The humanitarian crisis in Ethiopia continues to displace hundreds of thousands of people and continues to worsen over time. The steps taken by the European Commission to assist the refugees, should they come from other African countries or the Tigray region, is critical for their sustenance. Hence, ECOPNET (European Cooperation and Partnership Network) gladly welcomes the continuous assistance of the European Union and hopes to create a positive impact on EU and global immigration issues through its Immigration Working Group.
Internal conflicts, ethnic tensions and political crises in the region – including the Tigray conflict, which broke out in November 2020 – are expected to continue, leading to further displacement of populations, including internal forced displacement.

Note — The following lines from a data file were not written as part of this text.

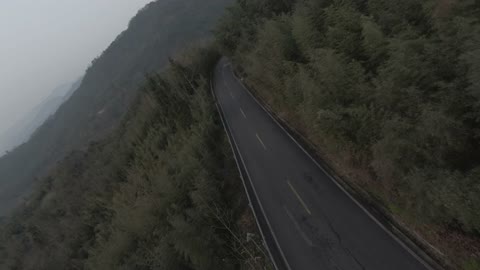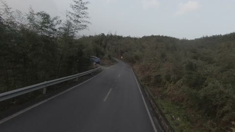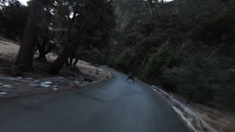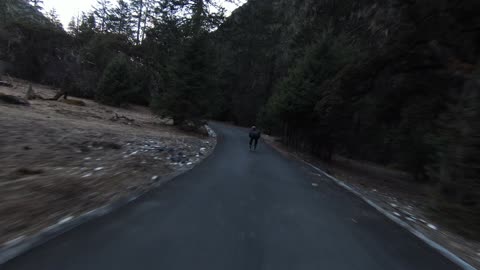 川西山间小道穿越机跟拍轮滑01
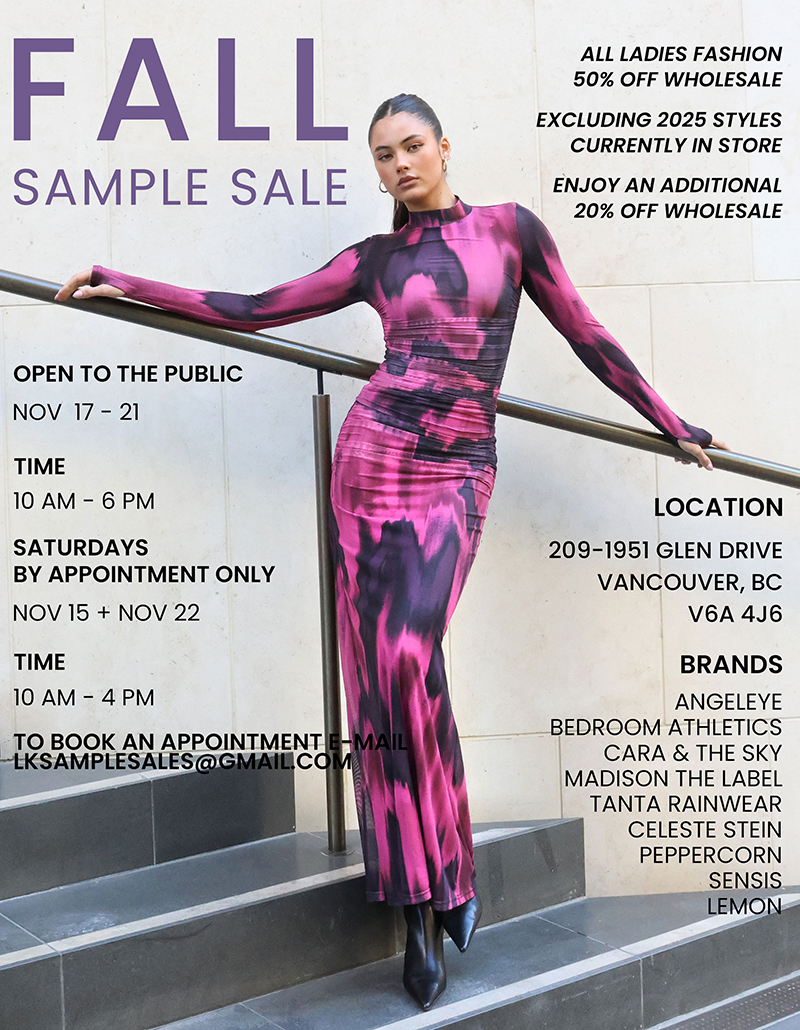 This is the FINAL week to shop LK Collections amazing Fall sample sale! If you haven’t made it over yet now is your chance to scoop up some amazing deals. Tons of new items have been added to the racks plus lots of new gift items for the holiday season, socks, slippers, scarves, hats, mitts & more! The 50% off wholesale rooms have lots of great finds to keep you stylish & cozy.
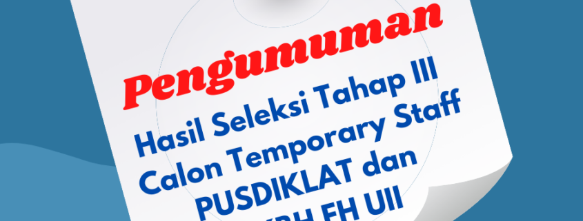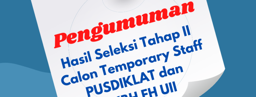 Pimpinan Fakultas Hukum Universitas Islam Indonesia dengan ini mengumumkan nama-nama pelamar calon Temporary Staff Pusdiklat dan PKBH Fakultas Hukum Universitas Islam Indonesia yang dinyatakan lulus seleksi dan diterima sebagai Temporary Staff Pusdiklat dan PKBH Fakultas Hukum Universitas Islam Indonesia Periode 2025. Selanjutnya kepada peserta seleksi Temporary Staff Pusdiklat dan PKBH Fakultas Hukum Universitas Islam Indonesia yang dinyatakan diterima
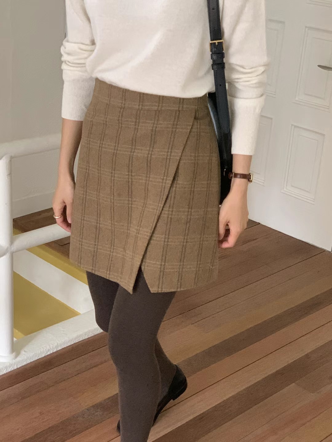 裙子是普通款迷你裙,前面部分做了开叉点缀^^
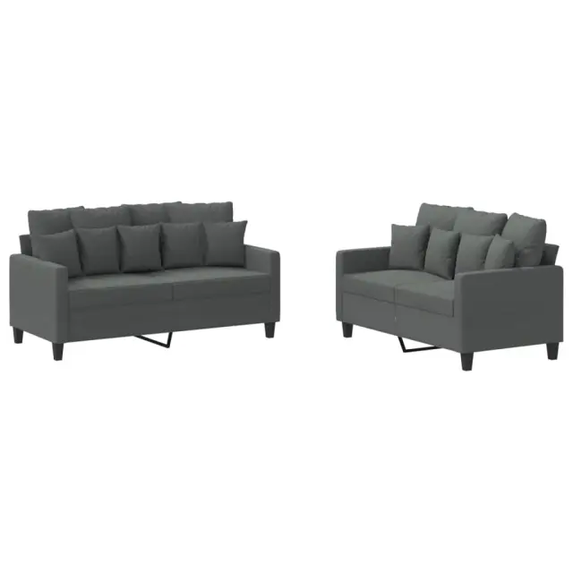 vidaXL Sedežna garnitura z blazinami 2-delna temno sivo blago
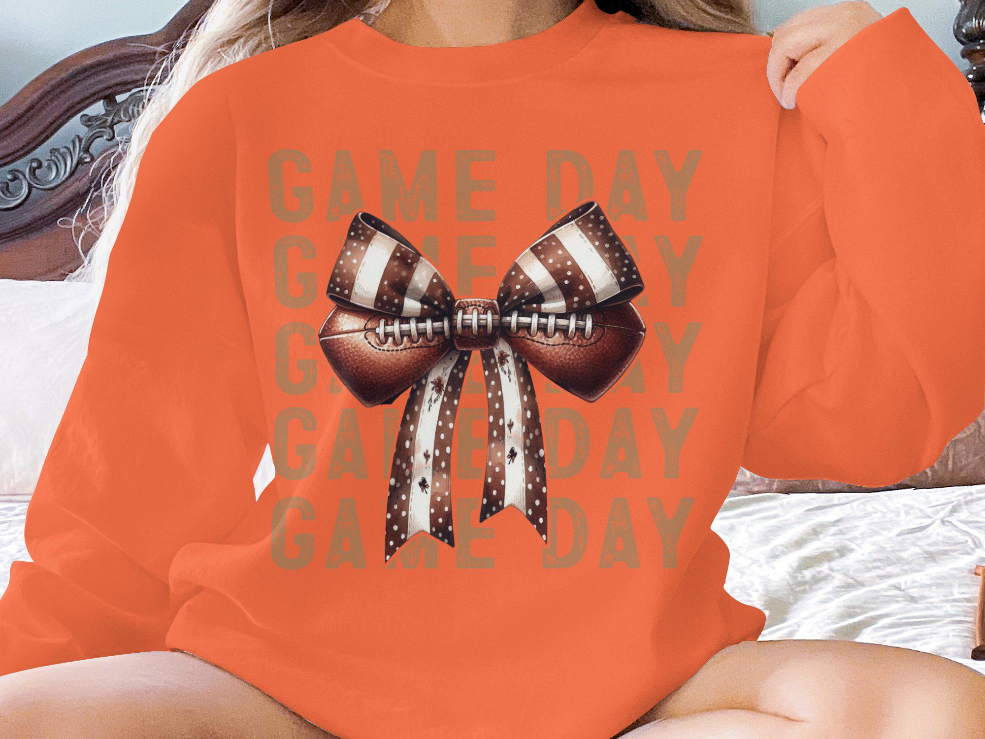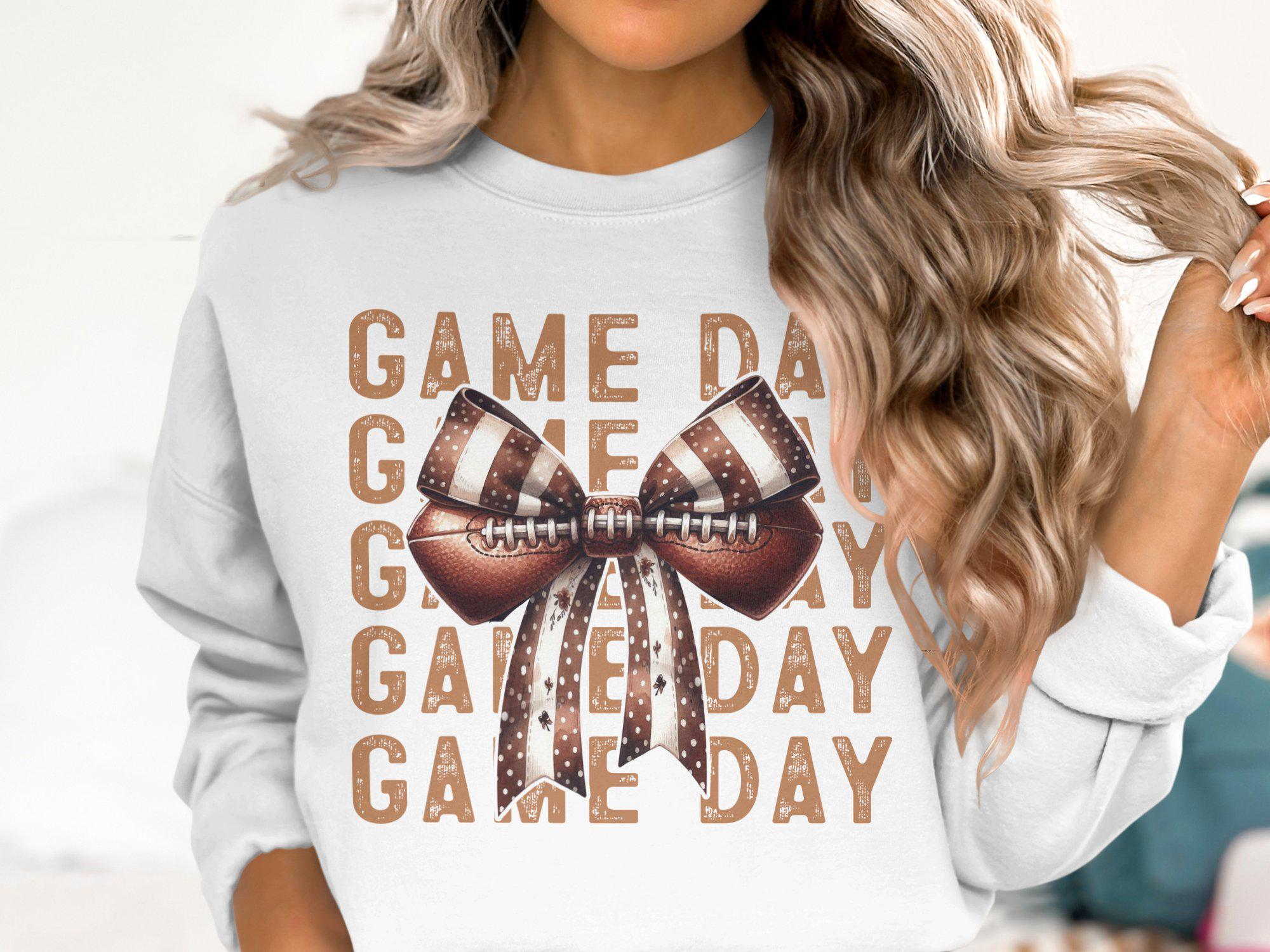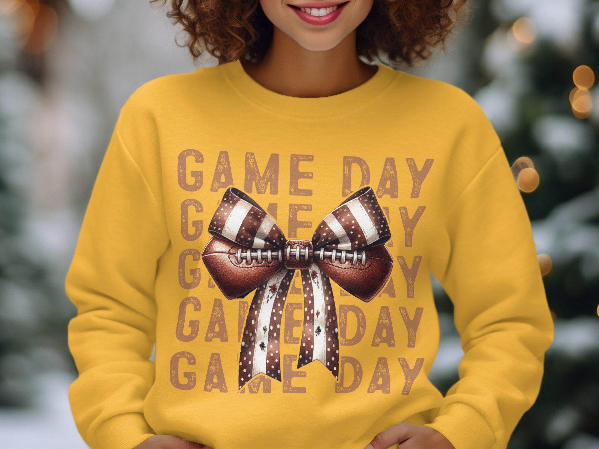 Show your team spirit with this cozy sweatshirt featuring a cute football bow design. Perfect for game day, cheerleaders, or any sports fan, this comfortable top is a must-have for supporting your favorite team. Makes a fantastic gift for sports enthusiasts. Celebrate game day in style and comfort!

In December 2020, the EU increased humanitarian funding for the Tigray region and its spill-over effect on other regions within Ethiopia and neighbouring Sudan by €24.8 million. In Ethiopia, EU-funded humanitarian partners had received an extra €18.8 million. The additional funding helped replenishing and pre-positioning life-saving goods and equipment urgently, providing life-saving services such as water and health, and enhancing treatment for malnutrition. This brought the total humanitarian support for Ethiopia to over €63 million in 2020.
The announced funding will also be allocated to ensuring a rapid response capacity to new and rapid-onset conflicts and natural shocks, such as drought, floods, and epidemics. As Ethiopia is hosting almost 770 000 refugees from other African countries, humanitarian aid will also be allocated to addressing the critical needs of the most vulnerable refugees.